In the operating room, it was confirmed that the previous patch for ASD was placed between the RA and IVC orifice. This prevented the progression of the blood flow from the IVC to the RA and instead caused the unsaturated venous flow to directly proceed into the LA. Thus, the previous patch was removed, and a repatch closure of the interatrial septal defect near the IVC was performed. An intraoperative TOE was performed immediately and showed no residual shunt flow.

After a favourable postoperative course, the patient was discharged from the hospital without any medications. The surgical correction of the IVC drainage was confirmed in a follow-up CT scan, and her symptoms significantly improved. Six months later, the patient could exercise much more than before without any shortness of breath. She was also doing well without any neurological complications.

Discussion

Atrial septal defect is a common congenital heart defect. The sinus venosus type of ASD is a rare form, accounting for 5–10% of all ASD types. If a large defect is left untreated, prolonged left-to-right shunting and excessive pulmonary blood flow may lead to right-sided heart failure, pulmonary hypertension, and Eisenmenger syndrome. Surgical closure is considered a required treatment. Remnant intracardiac shunt or improper closure of ASD can cause persistent left-to-right shunt flow and subsequent heart failure, which can be a more common complication of intracardiac shunt after surgical correction of ASD. In those cases, the sign of right heart strain is mostly observed. In this case, we cannot detect any sign of volume or pressure overload in the right heart, which made it more difficult to suspect an intracardiac shunt as a diagnosis.

Regarding the patient from this study, although her past surgical records could not be retrieved, it can be presumed that the surgical patch was placed between the RA and IVC by an inappropriate IVC cannulation during surgery. In paediatric surgery, the application of TOE can be more difficult in adults. Cardiac CT or MRI can be alternative diagnostic tools; however, they also have some limitations. Children might require general anaesthesia for these imaging modalities. Echocardiography with agitated saline is a feasible option. The injection of a contrast through the lower extremities can provide a clearer understanding of the anatomical structures of IVC and both atria. If an individual has adequate echocardiographic windows, TTE with saline contrast test may provide a clue for the diagnosis. Unfortunately, this patient had poor acoustic windows, especially the subcostal view. If the diagnosis by TTE is insufficient because of the inadequate visualization of relevant structures, TOE must be considered for visualization of the structures of IVC and both atria.

This patient has been suffering from heart failure for many years and had an acute stroke at an early age. The delayed diagnosis may result in paradoxical embolism and high cardiac output heart failure via right-to-left shunt flow. Long-term regular follow-up after surgical closure is important because of the late onset of atrial arrhythmias and stroke, particularly in adults older than 40 years.

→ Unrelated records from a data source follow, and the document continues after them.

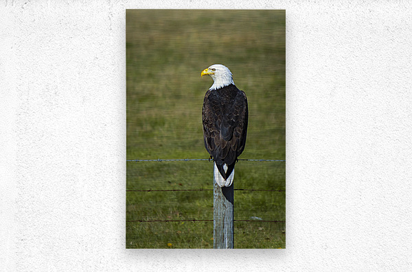 This striking image features a majestic bald eagle perched on a weathered fence post, embodying the spirit of wildlife in its natural habitat. Captured near Vita, Manitoba the eagle's sharp gaze and impressive plumage reveal the intricate details of its feathers, showcasing the beauty of nature. The soft, blurred background emphasizes the eagle's commanding presence, inviting viewers to appreciate the quiet strength found in these moments. This piece serves as a reminder of the remarkable wildlife that surrounds us and would make a thoughtful addition to any space, bringing a touch of the wild indoors.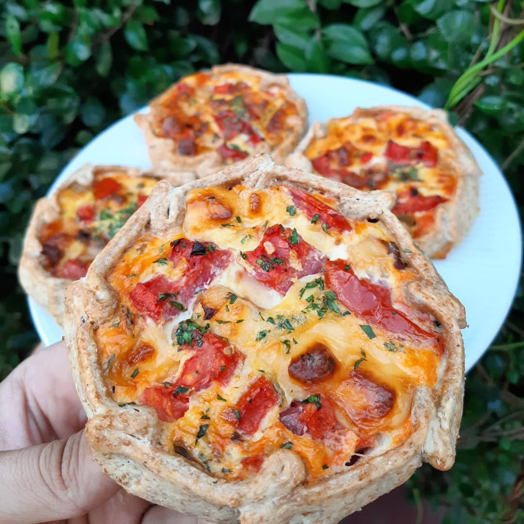 Mini tartas de queso, albahaca y tomate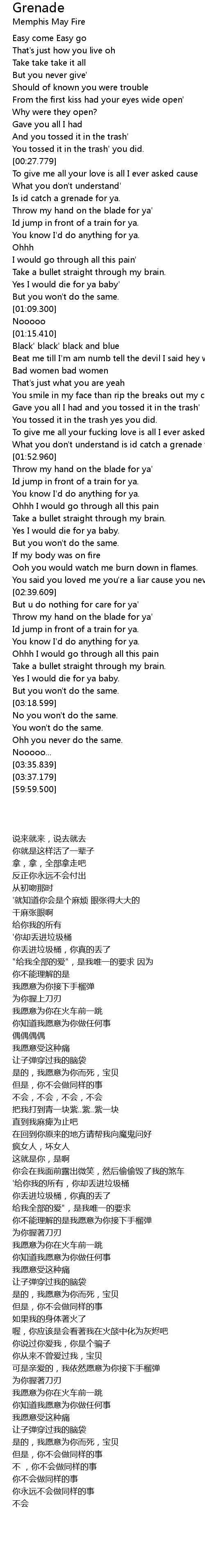 | [01:47.390] | What you don' t understand is id catch a grenade for ya. |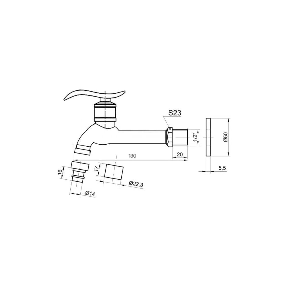 Сливной кран BRONZE DE LUXE длинный, насадка-рассекатель 21598/1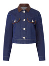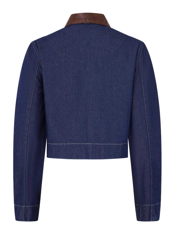 Blau 1950er Leder Rever Tasche Denim Jacke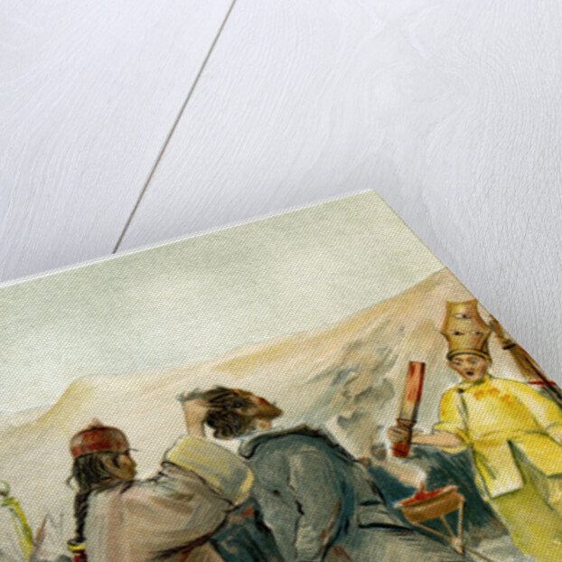 'The hot iron torture', 1898. Plate taken from In The Forbidden Land (an account of a journey in Tibet, capture by the Tibetan authorities, imprisonment, torture, and ultimate release), volume II, by Arnold Henry Savage Landor, published by William Heinemann (London, 1898).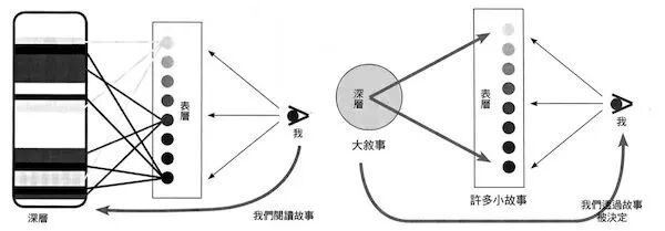 根据东浩纪的观点,所谓的现代世界,是指在我们的意识中反映出来的表层世界,而另一侧则是规定了那个表层的深层,即“大叙事”所存在的世界(图a)。这也是以现代学问为前提的世界观。另一方面,后现代世界不是正如图b所示的数据库模型(读取模型)所理解的世界吗?并不存在像是规定了整个世界的隐藏大叙事,而是根据读取的不同,表现出各种不同的情况,这不正是后现代世界吗?例如,即使游戏消费者只玩一个游戏,但他当然不仅仅只接受这一个故事,也接受所有那些不同版本的故事。网络也是如此,根据不同人搜索的内容,出现的图像也会以各种各样不同的形式呈现。
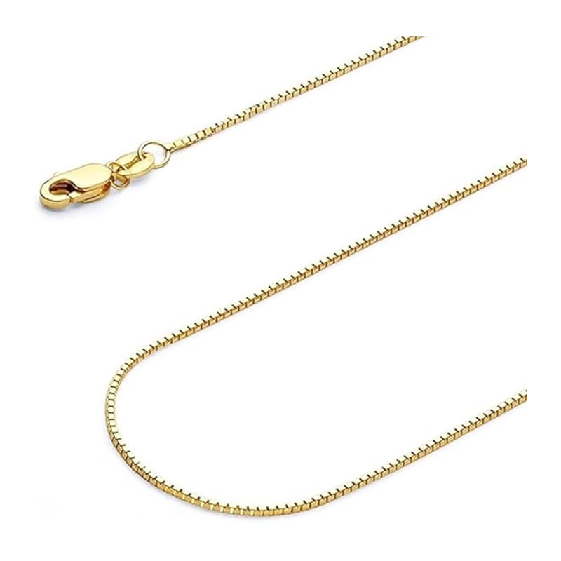 rapmoven 14K Yellow Gold Solid Box Link Chain 0.7mm Necklace with Lobster Claw Clasp, Jewelry Gift for Women or Men, 16 inch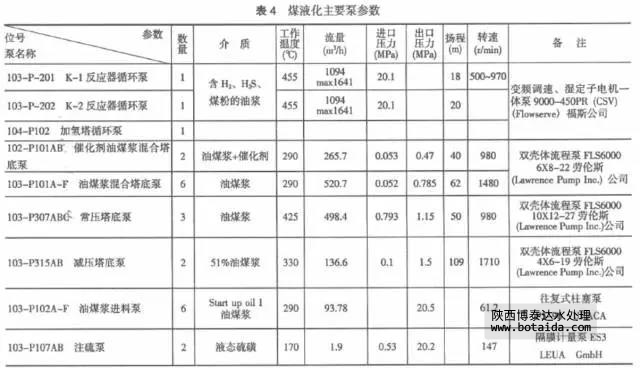 表4列出了煤液化主要泵參數(shù),這些泵當(dāng)時(shí)都是從國外進(jìn)口的,現(xiàn)在有些已能國產(chǎn),但還是有不少位號(hào)的泵需要通過技術(shù)攻關(guān)才能實(shí)現(xiàn)國產(chǎn)化。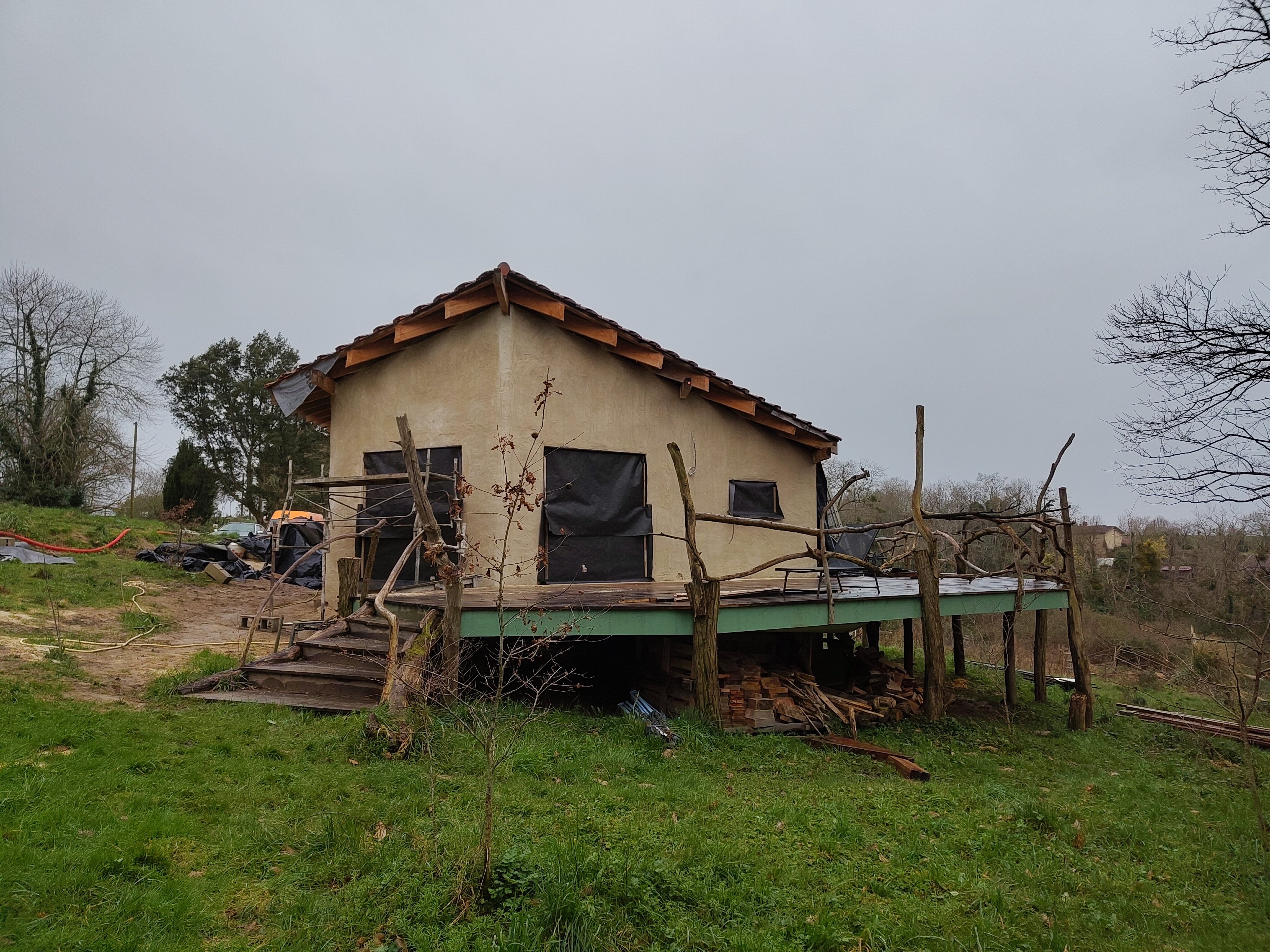 Je t’accueille dans notre maison ossature bois à remplissage paille, encore en chantier. C’est un projet 100% auto-construit jusqu’ici, pensé comme une maison passive avec une architecture atypique.

A previous study reported a case of drainage from the IVC to the LA caused by a redundant flap of the septum secundum before the surgical correction of ASD. Moreover, we presented a rare case of a right-to-left shunt of the entire IVC flow that proceeded to the LA because of a surgically misplaced patch.

Conclusions

In patients complaining of persistent dyspnoea after surgical closure of ASD, the possibility of complications due to improper surgical corrections should be considered. Transoesophageal echocardiography can be a useful method to understand the complex anatomy in such cases.

Lead author biography

Myeong Seop Kim, MD, graduated from Kyungpook National University School of Medicine, Daegu, Republic of Korea. He has been a doctor for 2 years in Department of Cardiovascular Medicine at Kyungpook National University Hospital. He is interested in diagnosing and treating patients of heart failure and cardiac echocardiography and pursuing further career in cardiology.

Supplementary material

Supplementary material is available at European Heart Journal - Case Reports online.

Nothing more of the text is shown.